# I thought one miracle baby would cure my desire for a big family.



## Sarah Anne (May 14, 2011)

Hi All,

I haven't been on for two years. My beautiful daughter was born two years ago last month. After six years in the making, I thought I was so lucky after all that time thinking it would never happen that I would be able to live with the one. However I soon learned, to my surprise, that I still longed for a big family and although I am the luckiest person on the planet, I need another, just like I needed the first. This makes me feel guilty, because I am so privileged to be in the trying again position when so many haven't even managed their first. I just wondered if anyone else felt this way too? I really thought my daughter would cure my baby desires, but now she is a fully fledged toddler my ovaries twang every time I see a small baby. I can't believe that this injust infertile nightmare is so far reaching. I would really love to hear from others with similar experiences. I am waiting to start my FET in a few weeks with my remaining embryo, and I know I will go full on into fresh cycling next year if this doesn't work. 

Thanks for reading


----------



## deblovescats (Jun 23, 2012)

Sarah - I totally agree with you. I have waited such a long time to have a family - hadn't any luck meeting the right guy, so decided to go it alone. Due to my age, I went straight to Double Donation. I had two failed DE cycles, then changed clinics, on 3rd cycle, I was blessed to have my gorgeous 15 month old son. I obviously don't want to wait too long to try again, as time is a factor. So I am planning a cycle with FET in November (have 3 frosties) but like you, if they don't work, will plan for a fresh DE cycle again.
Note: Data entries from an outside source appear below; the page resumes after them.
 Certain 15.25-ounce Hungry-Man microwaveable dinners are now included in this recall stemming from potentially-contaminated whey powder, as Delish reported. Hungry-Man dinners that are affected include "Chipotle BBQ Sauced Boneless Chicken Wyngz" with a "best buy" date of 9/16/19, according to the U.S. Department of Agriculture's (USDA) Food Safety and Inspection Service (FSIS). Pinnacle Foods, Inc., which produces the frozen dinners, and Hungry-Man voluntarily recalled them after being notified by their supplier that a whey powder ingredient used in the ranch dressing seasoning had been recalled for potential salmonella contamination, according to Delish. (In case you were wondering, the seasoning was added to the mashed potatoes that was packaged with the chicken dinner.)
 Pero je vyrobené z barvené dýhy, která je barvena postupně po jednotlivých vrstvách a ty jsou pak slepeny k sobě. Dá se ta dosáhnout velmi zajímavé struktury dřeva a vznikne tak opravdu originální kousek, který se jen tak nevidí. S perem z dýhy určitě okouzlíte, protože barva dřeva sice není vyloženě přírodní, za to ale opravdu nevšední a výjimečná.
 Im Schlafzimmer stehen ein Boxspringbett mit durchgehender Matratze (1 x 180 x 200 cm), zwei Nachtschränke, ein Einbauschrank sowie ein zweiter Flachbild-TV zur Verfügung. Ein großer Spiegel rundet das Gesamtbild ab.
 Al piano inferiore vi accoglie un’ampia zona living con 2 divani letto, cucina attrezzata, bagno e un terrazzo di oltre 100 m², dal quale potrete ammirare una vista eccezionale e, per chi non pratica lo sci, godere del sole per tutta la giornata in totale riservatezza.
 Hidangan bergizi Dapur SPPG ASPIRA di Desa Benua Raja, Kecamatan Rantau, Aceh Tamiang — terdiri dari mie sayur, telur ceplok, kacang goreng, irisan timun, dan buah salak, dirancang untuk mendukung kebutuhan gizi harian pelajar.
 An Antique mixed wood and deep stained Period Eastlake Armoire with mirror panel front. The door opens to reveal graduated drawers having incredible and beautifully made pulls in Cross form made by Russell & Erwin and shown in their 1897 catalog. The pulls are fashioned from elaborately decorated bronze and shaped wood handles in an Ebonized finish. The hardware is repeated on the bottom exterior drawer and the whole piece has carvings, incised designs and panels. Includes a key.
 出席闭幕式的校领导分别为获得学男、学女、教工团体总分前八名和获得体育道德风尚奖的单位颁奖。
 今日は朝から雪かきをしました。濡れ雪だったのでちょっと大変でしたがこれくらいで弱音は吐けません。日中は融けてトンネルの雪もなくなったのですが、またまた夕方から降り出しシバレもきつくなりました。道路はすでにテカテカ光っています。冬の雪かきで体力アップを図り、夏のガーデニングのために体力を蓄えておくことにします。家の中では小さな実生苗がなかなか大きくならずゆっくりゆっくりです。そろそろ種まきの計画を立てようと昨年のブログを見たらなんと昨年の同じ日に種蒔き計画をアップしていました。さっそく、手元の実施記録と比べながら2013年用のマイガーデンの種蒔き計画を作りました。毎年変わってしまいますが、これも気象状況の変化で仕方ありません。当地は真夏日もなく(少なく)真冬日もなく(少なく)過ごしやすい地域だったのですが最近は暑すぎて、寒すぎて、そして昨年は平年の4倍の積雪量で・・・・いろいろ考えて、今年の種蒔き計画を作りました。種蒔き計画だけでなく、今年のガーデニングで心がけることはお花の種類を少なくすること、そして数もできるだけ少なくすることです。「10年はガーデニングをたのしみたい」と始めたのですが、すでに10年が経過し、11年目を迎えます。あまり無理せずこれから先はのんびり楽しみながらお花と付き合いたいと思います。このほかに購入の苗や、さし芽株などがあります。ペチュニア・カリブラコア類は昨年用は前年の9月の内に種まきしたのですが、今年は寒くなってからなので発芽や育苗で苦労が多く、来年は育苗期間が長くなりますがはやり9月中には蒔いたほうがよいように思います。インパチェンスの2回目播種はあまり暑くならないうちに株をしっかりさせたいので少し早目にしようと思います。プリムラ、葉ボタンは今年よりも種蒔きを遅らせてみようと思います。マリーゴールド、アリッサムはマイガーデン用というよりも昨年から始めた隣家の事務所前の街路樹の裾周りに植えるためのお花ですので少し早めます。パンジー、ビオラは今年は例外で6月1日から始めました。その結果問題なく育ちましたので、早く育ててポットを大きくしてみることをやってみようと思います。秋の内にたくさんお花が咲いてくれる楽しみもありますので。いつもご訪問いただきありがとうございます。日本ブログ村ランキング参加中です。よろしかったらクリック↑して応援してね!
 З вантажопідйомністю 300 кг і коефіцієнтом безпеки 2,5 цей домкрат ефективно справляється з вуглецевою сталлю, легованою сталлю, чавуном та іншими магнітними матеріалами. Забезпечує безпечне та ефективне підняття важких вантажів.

I really would like another child - I enjoyed my pregnancy and though thankful that DS arrived safely, had to have elective C-section due to placenta praevia, would like the chance to have a natural birth if I am lucky enough to get pregnant again. 
If it doesn't work, I am so grateful to have DS, but would like another one, or two .... !!!!
Good luck with your cycle.
Deb


----------



## Dandanxx (Jan 15, 2011)

I found my want for a second, in some ways was stronger than my first.
Having experienced pregnancy and motherhood, I wanted to do it all over again as soon as possible.
Within 24hrs of having my first, I wanted to be pregnant again - I think that was more to do with my horrendous pregnancy and a) wanting to reverse time and be pregnant with my twins again, oblivious to the heartbreak that was to come and b) wanting a successful, plain sailing pregnancy.
I am truly blessed to eventually have my happy ever after. Wishing you lots of luck


----------



## Sarah Anne (May 14, 2011)

Thanks Deb


----------



## Sarah Anne (May 14, 2011)

Thanks Dandan. I hated being pregnant and Had horrible morning sickness for a long time, can't believe I even want to do that bit again


----------



## jdm4tth3ws (May 20, 2012)

I've had 4 children, 1 cot death, so 3 living and I'm desparate to go again. so definitely understand how you feel. After all my mcs, I am finally seeing someone who will hopefully sort out all my problems and give me the chanxe for 1 more shot. 
Just need to save the money up 
Keep your chin up, you'll get there  
xxxx


----------



## HopingAndPraying (Mar 28, 2013)

Hi Sarah 

I feel the exact same x I feel so unbelievably blessed but really want to give my dd a sibling and feel almost guilty about it! My only issue is I don't want to do another fresh Ivf cycle as just don't have it in me as those were the darkest days ever for me! My plan is ttc naturally and do a FET! I think I still have such a hang up that Ivf has never worked for me so trying to get some PMA! 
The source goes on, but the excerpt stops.